API connectivity issues

Major Resolved View vendor source →

Voucherify experienced a major incident on December 12, 2019 affecting EU1 - API, lasting 6h 14m. The incident has been resolved; the full update timeline is below.

Started
Dec 12, 2019, 05:07 AM UTC
Resolved
Dec 12, 2019, 11:21 AM UTC
Duration
6h 14m
Detected by Pingoru
Dec 12, 2019, 05:07 AM UTC

Affected components

EU1 - API

Update timeline

  1. investigating Dec 12, 2019, 05:07 AM UTC

    Communication with API is currently being impacted by the anomalous behavior of one of our European clusters. W are investigating the issue.

  2. identified Dec 12, 2019, 05:39 AM UTC

    We identified a source of the issue. Our SRE team stabilized it, and now we are working on the long run improvement to avoid such a situation in the future.

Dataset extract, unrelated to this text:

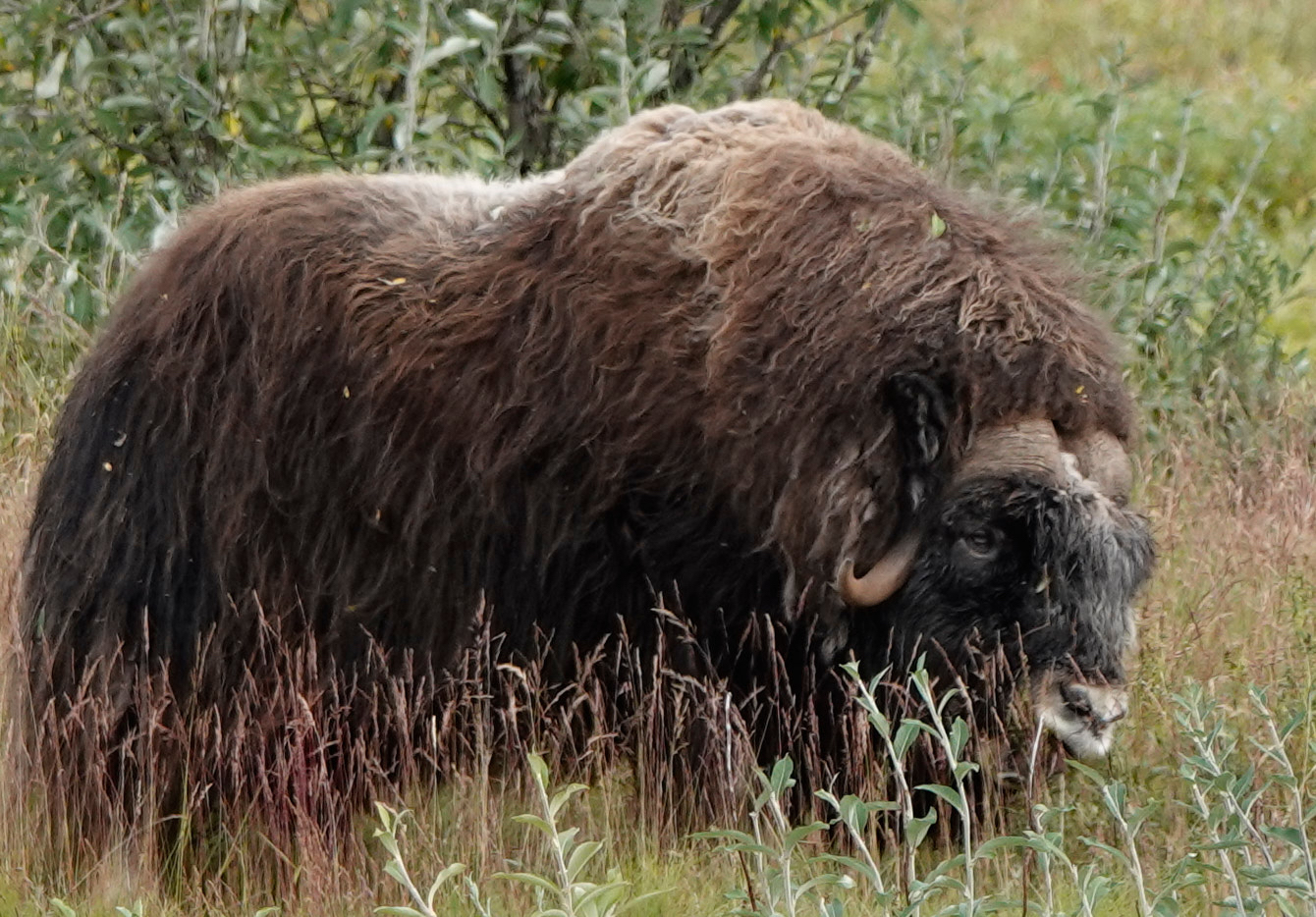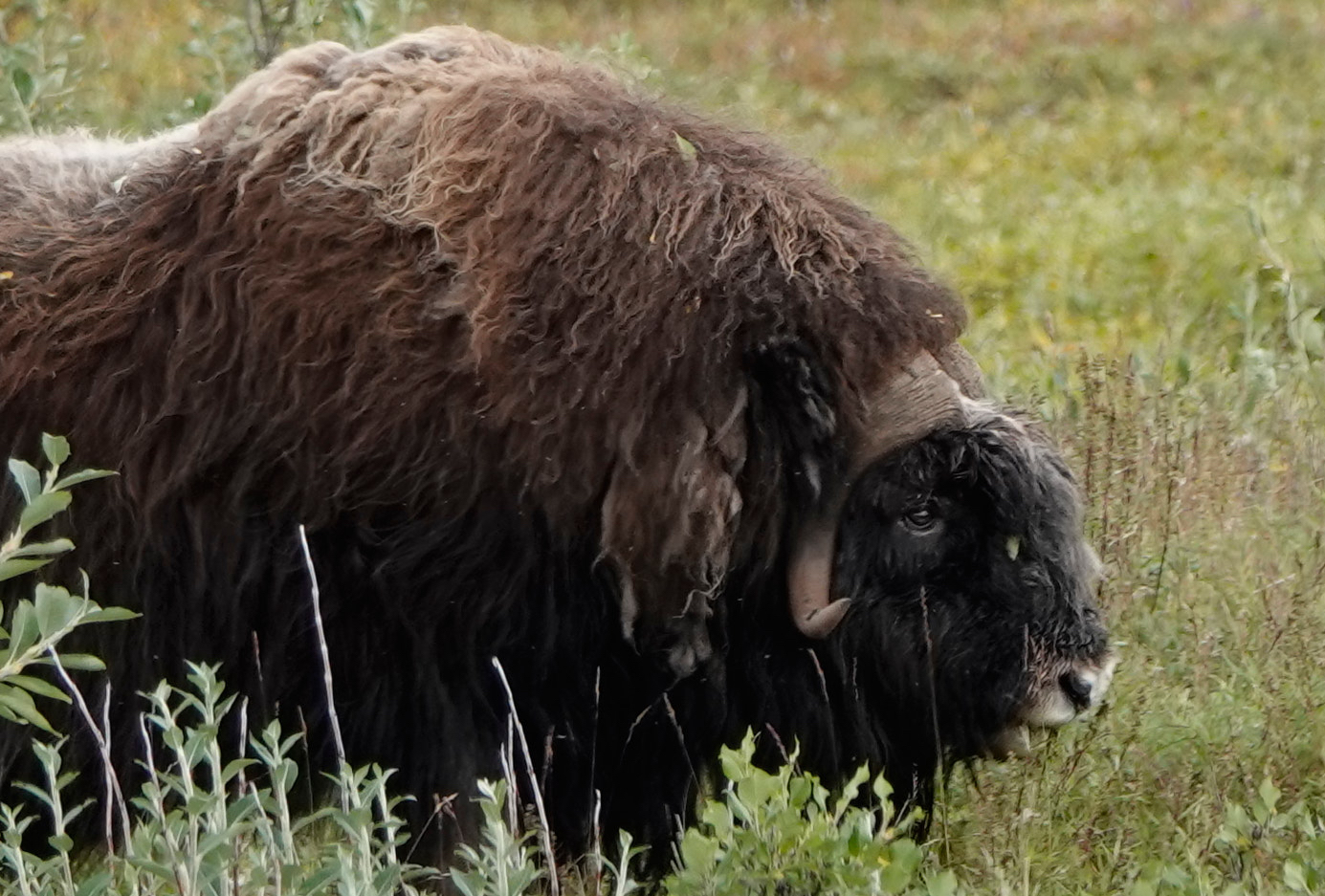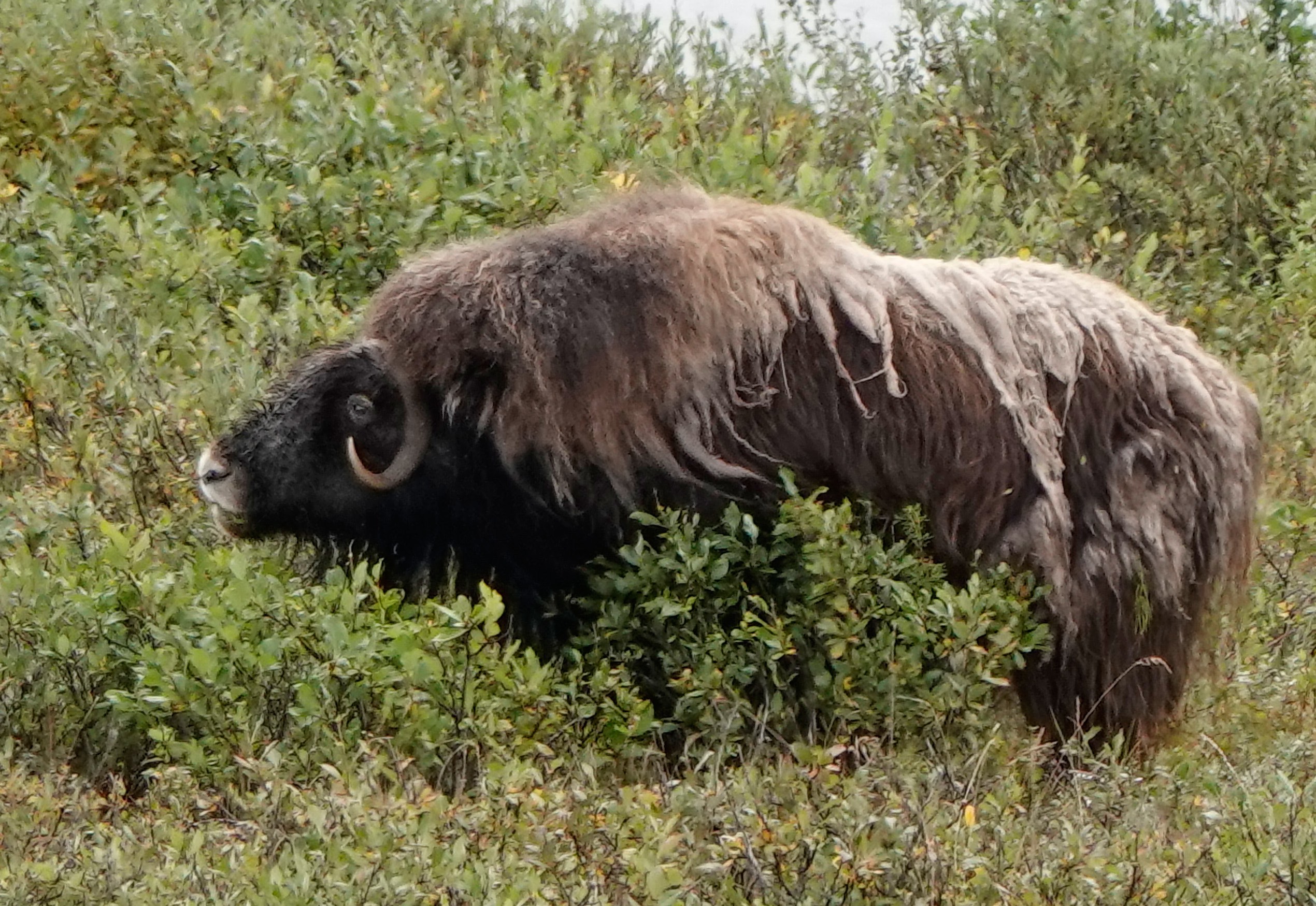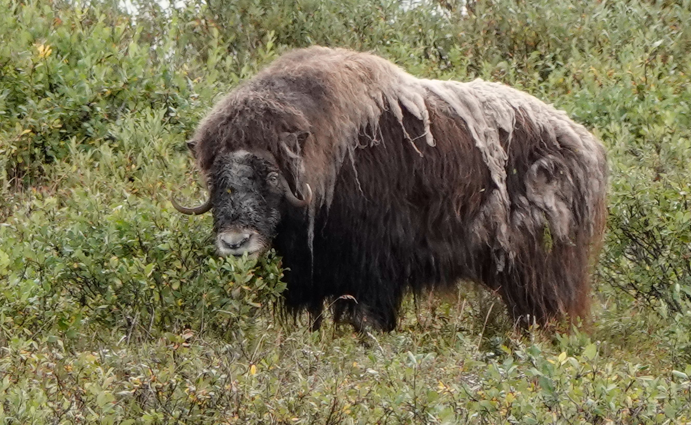 Unterwegs begegnen wir wieder der gleichen Herde von Moschusochsen, diesmal wird es direkt spannend. Ein einzelner Bulle nähert sich der Herde und wird prompt vom Chef angegriffen. Es kommt zum Showdown: Sie rasen aufeinander zu und mit einem riesigen Knall krachen die Köpfe aufeinander. Der Angreifer kneift beim 2. Versuch und eilt von dannen, lange noch verfolgt vom Sieger des Duells. Übrigens haben die Moschusochsen Männchen wegen der heftigen Kämpfe eine deutlich geringere Lebenserwartung als die Weibchen: 18 zu 12 Jahren.

  3. monitoring Dec 12, 2019, 06:42 AM UTC

    A fix has been implemented and we are monitoring the results.

  4. resolved Dec 12, 2019, 11:21 AM UTC

    After few hours of monitoring, we confirm that the issue has been solved. The problem with degraded performance was related to a lack of resources on one of our application servers. The node's capacity was quickly utilized because of temporarily increased traffic. Unfortunetly, incorrect configuration in our auto-scaling procedure didn't trigger a process of adding additional resources and scaling up the service. The issue has been solved, and it shouldn't appear in the future. Additionally, we fixed the auto-scaling procedure, and a new solution is being tested now. We sincerely apologize for any inconvenience caused by this issue and appreciate your understanding in this matter.